Below requires the Titanic passenger data set. Since the data set is not included in the repository, You have to download it and place in the same directory this notebook located.  
You can download Titanic passenger data set from https://www.kaggle.com/competitions/titanic


In [None]:
import numpy as np
import pandas as pd

### Using Label Encoder \#1

In [None]:
from sklearn import preprocessing

titanic_df = pd.read_csv("./titanic_train.csv")

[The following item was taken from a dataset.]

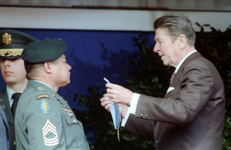 President Ronald Reagan stands beside Medal of Honor recipient retired MSGT Roy P. Benavidez, U.S. Army, during a ceremony at the Pentagon. (Source: National Archives at College Park – Still Pictures, Public domain, via Wikimedia Commons)

def encode_features(data_df):
    features = ["Cabin", "Sex", "Embarked"]
    for feature in features:
        le = preprocessing.LabelEncoder()
        le = le.fit(data_df[feature])
        data_df[feature] = le.transform(data_df[feature])
    return data_df

titanic_df = encode_features(titanic_df)
titanic_df.head()

### Using Label Encoder \#2

In [None]:
from sklearn import preprocessing

titanic_df = pd.read_csv("./titanic_train.csv")

In [13]:
def fillna(df):
    df.fillna({
        "Age": df["Age"].mean(),
        "Cabin": "N",
        "Embarked": "N",
        "Fare": 0
    }, inplace=True)
    return df

In [14]:
def drop_features(df):
    df.drop(["PassengerId", "Name", "Ticket"], axis=1, inplace=True)
    return df

In [15]:
def format_features(df):
    try:
        df["Cabin"] = df["Cabin"].str[:1]
    except AttributeError:
        print(df["Cabin"])
    features = ["Cabin", "Sex", "Embarked"]
    for feature in features:
        le = preprocessing.LabelEncoder()
        le = le.fit(df[feature])
        df[feature] = le.transform(df[feature])
    return df

In [16]:
def transform_features(df):
    return format_features(
        drop_features(
            fillna(df)
        )
    )

In [17]:
y_titanic_df = titanic_df["Survived"]
X_titanic_df = titanic_df.drop("Survived", axis=1)
X_titanic_df = transform_features(X_titanic_df)

Using train_test_split

In [19]:
from sklearn.model_selection import train_test_split
X_train, X_test, y_train, y_test = train_test_split(
    X_titanic_df,
    y_titanic_df,
    test_size=0.2,
    random_state=11
)

## Classifiers

In [18]:
from sklearn.tree import DecisionTreeClassifier
from sklearn.ensemble import RandomForestClassifier
from sklearn.linear_model import LogisticRegression
from sklearn.metrics import accuracy_score

dt_clf = DecisionTreeClassifier(random_state=11)
rf_clf = RandomForestClassifier(random_state=11)
lr_clf = LogisticRegression()

In [20]:
# DecisionTreeClassifier 학습/예측/평가
dt_clf.fit(X_train, y_train)
dt_pred = dt_clf.predict(X_test)
print(
    'DecisionTreeClassifier 정확도: {0:.4f}'
    .format(accuracy_score(y_test, dt_pred))
)

# RandomForestClassifier 학습/예측/평가
rf_clf.fit(X_train, y_train)
rf_pred = rf_clf.predict(X_test)
print(
    'RandomForestClassifier 정확도:{0:.4f}'
    .format(accuracy_score(y_test, rf_pred))
)

# LogisticRegression 학습/예측/평가
lr_clf.fit(X_train , y_train)
lr_pred = lr_clf.predict(X_test)
print(
    'LogisticRegression 정확도: {0:.4f}'
    .format(accuracy_score(y_test, lr_pred))
)

DecisionTreeClassifier 정확도: 0.7877
RandomForestClassifier 정확도:0.8547
LogisticRegression 정확도: 0.8492


STOP: TOTAL NO. OF ITERATIONS REACHED LIMIT.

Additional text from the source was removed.